Gus Rozaq mengungkapkan bahwa penunjukan Bahrul Ulum sebagai tuan rumah bermula dari inisiatif pesantren yang mengajukan diri kepada PBNU. Usulan ini kemudian ditindaklanjuti dengan survei mendalam dan penilaian oleh tim PBNU, hingga akhirnya Tambakberas dinyatakan layak menjadi lokasi penyelenggaraan. "Kami hanya memiliki semangat untuk bisa berkontribusi menyukseskan Muktamar NU ke-35. Alhamdulillah setelah dilakukan survei oleh tim PBNU, pesantren dinyatakan layak menjadi tuan rumah. Tinggal ada beberapa penyempurnaan kecil yang sedang kami selesaikan," jelasnya. Untuk kebutuhan akomodasi, para muktamirin akan ditempatkan di sejumlah gedung madrasah di bawah naungan Pondok Pesantren Bahrul Ulum, yang semuanya telah melalui proses survei dan dinilai layak sebagai tempat menginap.

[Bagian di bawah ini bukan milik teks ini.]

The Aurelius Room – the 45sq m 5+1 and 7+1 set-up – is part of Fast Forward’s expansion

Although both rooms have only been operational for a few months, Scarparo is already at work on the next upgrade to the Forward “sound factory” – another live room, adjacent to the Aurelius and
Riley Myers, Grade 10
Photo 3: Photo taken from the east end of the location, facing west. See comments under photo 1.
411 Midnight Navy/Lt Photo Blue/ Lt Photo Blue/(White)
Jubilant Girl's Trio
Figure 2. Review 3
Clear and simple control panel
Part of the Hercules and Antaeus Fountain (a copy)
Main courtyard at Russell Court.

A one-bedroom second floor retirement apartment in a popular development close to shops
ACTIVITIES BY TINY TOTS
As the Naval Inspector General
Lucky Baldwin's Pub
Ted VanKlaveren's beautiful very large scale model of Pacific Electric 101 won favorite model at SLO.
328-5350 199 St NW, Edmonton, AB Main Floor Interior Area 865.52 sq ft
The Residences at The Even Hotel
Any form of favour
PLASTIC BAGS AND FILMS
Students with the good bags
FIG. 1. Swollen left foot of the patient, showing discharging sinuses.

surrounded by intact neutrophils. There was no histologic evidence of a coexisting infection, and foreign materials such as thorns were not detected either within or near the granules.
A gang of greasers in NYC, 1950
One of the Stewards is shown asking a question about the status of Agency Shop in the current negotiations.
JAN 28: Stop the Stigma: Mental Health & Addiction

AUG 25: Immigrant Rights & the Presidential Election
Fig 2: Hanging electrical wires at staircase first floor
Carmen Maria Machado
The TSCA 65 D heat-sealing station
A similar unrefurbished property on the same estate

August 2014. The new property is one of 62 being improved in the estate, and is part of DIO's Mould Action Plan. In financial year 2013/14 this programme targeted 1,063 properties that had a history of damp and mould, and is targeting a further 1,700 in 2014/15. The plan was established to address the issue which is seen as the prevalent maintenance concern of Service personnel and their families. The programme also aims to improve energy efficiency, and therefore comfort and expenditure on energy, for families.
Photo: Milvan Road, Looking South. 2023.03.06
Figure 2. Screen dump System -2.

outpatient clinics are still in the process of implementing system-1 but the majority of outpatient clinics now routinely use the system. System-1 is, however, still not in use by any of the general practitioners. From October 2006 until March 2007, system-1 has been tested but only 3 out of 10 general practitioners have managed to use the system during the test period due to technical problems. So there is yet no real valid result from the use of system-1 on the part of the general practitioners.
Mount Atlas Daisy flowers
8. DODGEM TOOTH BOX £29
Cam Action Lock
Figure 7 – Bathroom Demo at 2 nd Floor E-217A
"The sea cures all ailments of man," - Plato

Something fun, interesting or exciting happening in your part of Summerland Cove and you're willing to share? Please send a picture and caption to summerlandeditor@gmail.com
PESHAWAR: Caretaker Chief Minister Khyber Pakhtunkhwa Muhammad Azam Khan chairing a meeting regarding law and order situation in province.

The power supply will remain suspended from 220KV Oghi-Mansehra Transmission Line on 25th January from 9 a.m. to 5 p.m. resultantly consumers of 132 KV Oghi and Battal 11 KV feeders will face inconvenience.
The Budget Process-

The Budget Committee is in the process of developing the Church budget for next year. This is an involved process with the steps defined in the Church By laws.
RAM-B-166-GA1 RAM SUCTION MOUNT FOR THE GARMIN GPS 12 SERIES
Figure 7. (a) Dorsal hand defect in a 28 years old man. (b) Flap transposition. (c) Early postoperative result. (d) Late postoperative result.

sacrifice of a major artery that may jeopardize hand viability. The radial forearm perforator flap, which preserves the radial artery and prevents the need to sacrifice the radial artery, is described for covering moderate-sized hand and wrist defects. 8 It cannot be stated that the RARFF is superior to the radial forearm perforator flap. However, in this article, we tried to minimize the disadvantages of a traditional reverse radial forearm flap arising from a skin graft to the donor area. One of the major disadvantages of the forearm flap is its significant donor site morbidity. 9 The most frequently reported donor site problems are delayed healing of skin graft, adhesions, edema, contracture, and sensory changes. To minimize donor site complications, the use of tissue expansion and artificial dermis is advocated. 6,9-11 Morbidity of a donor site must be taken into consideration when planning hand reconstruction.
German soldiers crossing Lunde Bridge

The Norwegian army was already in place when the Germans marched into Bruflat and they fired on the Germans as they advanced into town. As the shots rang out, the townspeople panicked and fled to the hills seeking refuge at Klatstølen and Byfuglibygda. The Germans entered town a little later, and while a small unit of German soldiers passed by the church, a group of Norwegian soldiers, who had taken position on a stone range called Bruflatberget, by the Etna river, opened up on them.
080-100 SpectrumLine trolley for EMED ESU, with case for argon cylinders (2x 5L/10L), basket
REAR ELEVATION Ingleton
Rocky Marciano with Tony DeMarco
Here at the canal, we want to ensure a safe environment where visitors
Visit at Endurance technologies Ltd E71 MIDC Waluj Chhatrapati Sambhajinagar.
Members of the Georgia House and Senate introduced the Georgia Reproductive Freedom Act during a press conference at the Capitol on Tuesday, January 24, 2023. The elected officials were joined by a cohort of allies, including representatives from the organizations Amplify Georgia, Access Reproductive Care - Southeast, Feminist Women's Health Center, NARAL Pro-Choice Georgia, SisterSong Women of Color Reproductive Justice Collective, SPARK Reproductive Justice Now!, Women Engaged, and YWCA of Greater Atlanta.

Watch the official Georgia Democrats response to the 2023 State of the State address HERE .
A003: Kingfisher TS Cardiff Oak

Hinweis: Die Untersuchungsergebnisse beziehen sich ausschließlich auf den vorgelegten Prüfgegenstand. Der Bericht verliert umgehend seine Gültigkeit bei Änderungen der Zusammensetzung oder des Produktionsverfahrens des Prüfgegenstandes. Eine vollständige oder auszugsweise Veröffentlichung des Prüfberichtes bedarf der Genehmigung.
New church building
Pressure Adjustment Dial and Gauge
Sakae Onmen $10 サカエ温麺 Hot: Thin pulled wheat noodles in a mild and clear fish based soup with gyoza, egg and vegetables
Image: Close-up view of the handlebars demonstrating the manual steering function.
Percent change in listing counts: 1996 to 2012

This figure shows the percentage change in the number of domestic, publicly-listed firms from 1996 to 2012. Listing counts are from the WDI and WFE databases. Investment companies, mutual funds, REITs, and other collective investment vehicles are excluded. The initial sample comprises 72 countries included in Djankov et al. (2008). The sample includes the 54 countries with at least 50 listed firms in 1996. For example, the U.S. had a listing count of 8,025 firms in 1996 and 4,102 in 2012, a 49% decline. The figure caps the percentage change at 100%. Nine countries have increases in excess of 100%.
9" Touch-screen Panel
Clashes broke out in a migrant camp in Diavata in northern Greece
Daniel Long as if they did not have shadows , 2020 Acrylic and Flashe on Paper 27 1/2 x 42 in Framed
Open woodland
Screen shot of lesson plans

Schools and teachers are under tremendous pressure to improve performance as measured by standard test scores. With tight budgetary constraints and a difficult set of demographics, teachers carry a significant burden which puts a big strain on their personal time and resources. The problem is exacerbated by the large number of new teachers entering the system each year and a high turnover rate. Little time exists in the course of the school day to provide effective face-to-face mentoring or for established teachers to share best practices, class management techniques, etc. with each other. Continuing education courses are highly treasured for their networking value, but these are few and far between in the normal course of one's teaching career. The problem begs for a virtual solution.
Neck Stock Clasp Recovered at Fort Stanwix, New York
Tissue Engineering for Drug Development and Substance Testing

Dukungan penuh juga datang dari Pengurus Cabang Nahdlatul Ulama (PCNU) Jombang. Ketua PCNU Jombang, KH Fahmi Amrullah, menyambut baik penunjukan PPBU Tambakberas dan menegaskan kesiapan pihaknya untuk membantu panitia pusat menyukseskan agenda nasional ini. "Pondok pesantren di sekitar Tambakberas, seperti Denanyar, Tebuireng, dan Rejoso Peterongan, insyaallah juga siap membantu," kata Fahmi.
Warga nahdliyin di Jombang sangat bersyukur atas kepercayaan yang diberikan kepada PPBU Tambakberas. Fahmi berharap kegiatan ini dapat berjalan aman, lancar, dan menghasilkan kepengurusan organisasi yang bersih dan visioner. Pelaksanaan Muktamar ke-35 NU di Jombang juga memiliki nilai historis yang kuat, mengingat Jombang adalah tanah kelahiran para pendiri Nahdlatul Ulama, yaitu KH Hasyim Asyari, KH Wahab Chasbullah, dan KH Bisri Syansuri. "Kami siap menyambut para tamu yang datang dari berbagai daerah, bahkan dari Pengurus Cabang Istimewa (PCI) yang ada di luar negeri. Tentu kita akan mempersiapkan diri dengan sebaik-baiknya," pungkas pengasuh Pondok Pesantren Putri Tebuireng Jombang ini.
Keputusan resmi penetapan lokasi dan waktu muktamar ini dibacakan langsung oleh Rais Aam PBNU KH Miftachul Ahyar saat memimpin rapat gabungan Syuriyah dan Tanfidziyah PBNU di Jakarta. Sekretaris Jenderal PBNU Saifullah Yusuf, atau Gus Ipul, menambahkan bahwa rapat tersebut tidak hanya menetapkan lokasi, tetapi juga memastikan waktu pelaksanaan muktamar. "Selain menetapkan lokasi muktamar, rapat juga memutuskan pelaksanaan muktamar digelar pada 27 sampai 30 Agustus 2026," ujar Gus Ipul melalui keterangan tertulisnya kepada abcmarathinews.com. Dengan demikian, Jombang dan seluruh elemen nahdliyin kini bersatu padu mempersiapkan diri menyambut perhelatan akbar ini.